Before long, though, it became apparent that we had gotten in over our heads. We could no longer conceal the habits and tempers we’d managed until then to keep hidden from one another, and it turned out that we’d been over-optimistic about our finances. When a fellowship I’d been banking on failed to materialize, Carol had to call her sister for a loan. The sister was five years older, and married in New Jersey. She stared at me hard over a plate of ribs in a barbecue place near Penn Station, dabbled her fingers in a bowl of lemon water and asked Carol when she was planning to call their father. He, I’d gathered, was a dry drunk who had raised them both alone upstate and never quite forgiven either of them for leaving. Carol nodded her head, sipped a glass of water and made a promise I knew she had no intention of keeping. Right then, I wanted to take her by the hand and run with her out of the restaurant and keep running.

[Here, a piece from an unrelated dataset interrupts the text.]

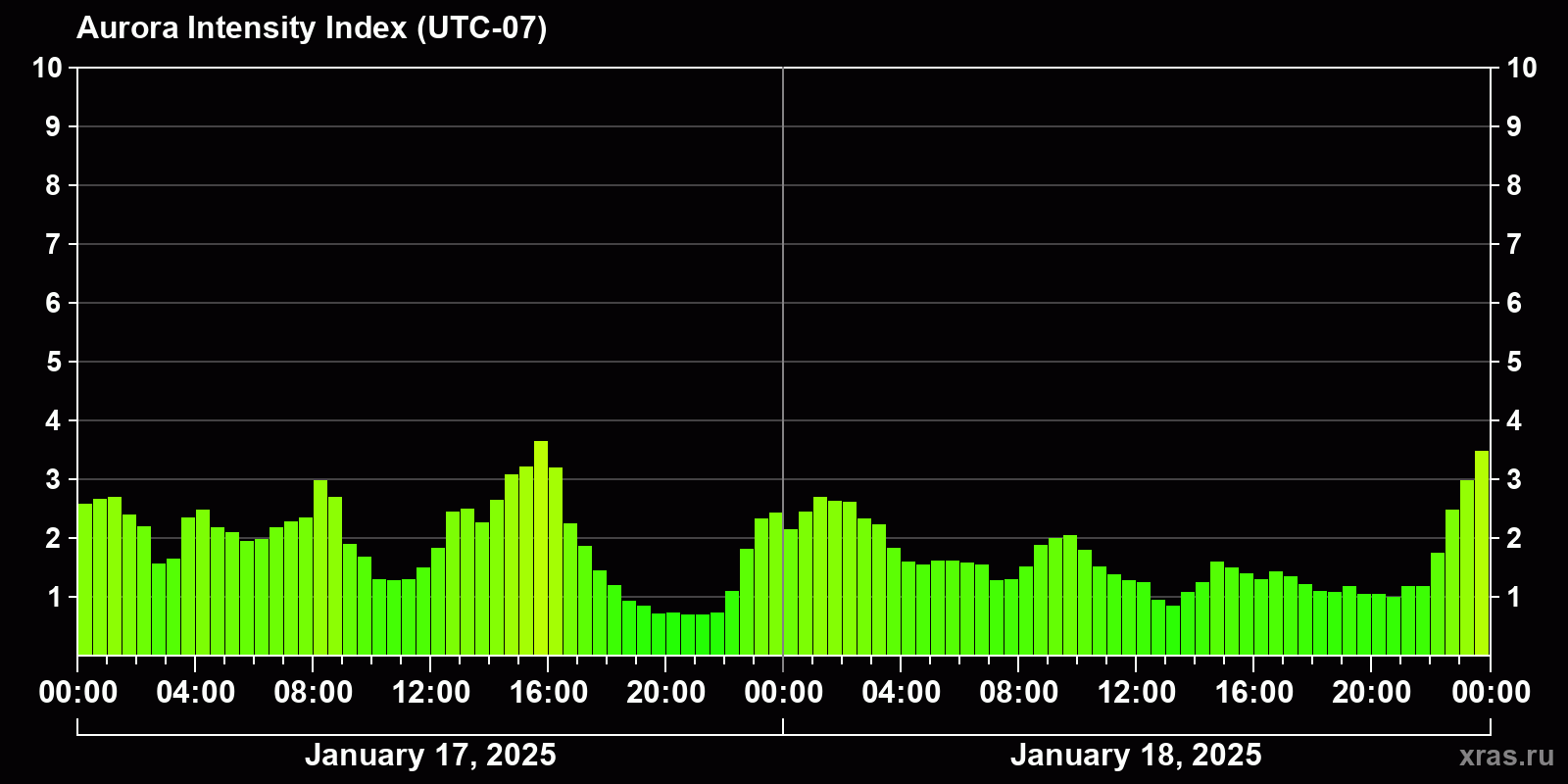 Auroral intensity index and the theoretically possible latitude of observations for nighttime in the Western Hemisphere as of 2025-01-18 23:57 (end of day) local time

Over the next few months, Carol’s job had her working sixty-hour weeks, while the qualifying exams for which I was preparing kept me in the library even longer. In the mornings, we kissed each other quickly with crumbs of sleep on our faces, and at night we sprawled on the couch too burned out to do much of anything else. She seldom laughed. We made plans to spend Saturday afternoons in the park together, then got into roaring fights on Friday evenings and spent whole weekends avoiding one another. On those days, I brooded over how, in such a short space of time, I had come so completely to depend on Carol, and wondered what I would do if she ever decided to cut me out of her life.